> _WORK TO BE COMPLETED_
Produce an exact copy of all the data below, dropping every image.

*** Opening of SOURCE MATERIAL ***

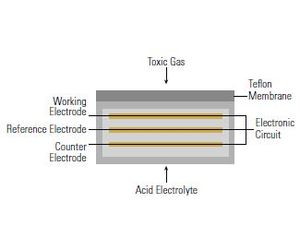 Electrochemical sensors are widely used in the gas detector industry. Learn to understand the technology. The basic components of an electrochemical sensor are a working (or sensing) electrode, a counter electrode, and usually a reference electrode. These electrodes are enclosed in the sensor housing in contact with a liquid electrolyte. The working electrode is on the inner face of a Teflon membrane that is porous to gas, but impermeable to the electrolyte.
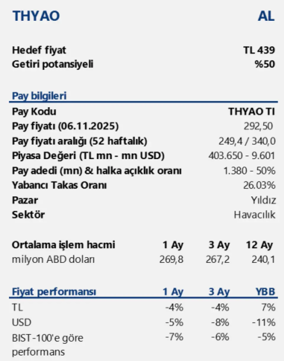 Türk Hava Yolları’nın 3Ç25 finansal sonuçlarını nötr olarak değerlendiriyoruz. Operasyonel karlılıkta marj baskısı sürerken, güçlü yolcu trafiği ve genişleyen uçuş ağı gelir büyümesini desteklemeye devam etti. Dönem içinde net kar beklentilerin üzerinde gerçekleşse de, FAVÖK tarafında görülen maliyet baskısı karlılık görünümünü sınırladı. Hisse için 12 aylık pay başına 439 TL hedef fiyatımızı ve “AL” tavsiyemizi koruyor, Türk Hava Yolları’nı uzun vadeli büyüme potansiyeli ve strateji haritası doğrultusunda model portföyümüzde tutmayı sürdürüyoruz.
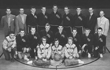 1954 Indiana High School Basketball Champs: Back Row (left to right) Glen Butte, Kenny Wendelman, Rollin Cutter, Bill Jordan, Clarence Kelly, asst. coach, Indianapolis policeman, Pat Starke, Coach Marvin Wood. 2nd Row: Marcus Combs, Jr. High coach, Roger Schroder. Front Row: Bob Engel, Gene White, Ron Truitt, Bob Plump, Ray Craft

*** Close of SOURCE MATERIAL ***

> _ANSWER SECTION_
 Electrochemical sensors are widely used in the gas detector industry. Learn to understand the technology. The basic components of an electrochemical sensor are a working (or sensing) electrode, a counter electrode, and usually a reference electrode. These electrodes are enclosed in the sensor housing in contact with a liquid electrolyte. The working electrode is on the inner face of a Teflon membrane that is porous to gas, but impermeable to the electrolyte.
 Türk Hava Yolları’nın 3Ç25 finansal sonuçlarını nötr olarak değerlendiriyoruz. Operasyonel karlılıkta marj baskısı sürerken, güçlü yolcu trafiği ve genişleyen uçuş ağı gelir büyümesini desteklemeye devam etti. Dönem içinde net kar beklentilerin üzerinde gerçekleşse de, FAVÖK tarafında görülen maliyet baskısı karlılık görünümünü sınırladı. Hisse için 12 aylık pay başına 439 TL hedef fiyatımızı ve “AL” tavsiyemizi koruyor, Türk Hava Yolları’nı uzun vadeli büyüme potansiyeli ve strateji haritası doğrultusunda model portföyümüzde tutmayı sürdürüyoruz.
 1954 Indiana High School Basketball Champs: Back Row (left to right) Glen Butte, Kenny Wendelman, Rollin Cutter, Bill Jordan, Clarence Kelly, asst. coach, Indianapolis policeman, Pat Starke, Coach Marvin Wood. 2nd Row: Marcus Combs, Jr. High coach, Roger Schroder. Front Row: Bob Engel, Gene White, Ron Truitt, Bob Plump, Ray Craft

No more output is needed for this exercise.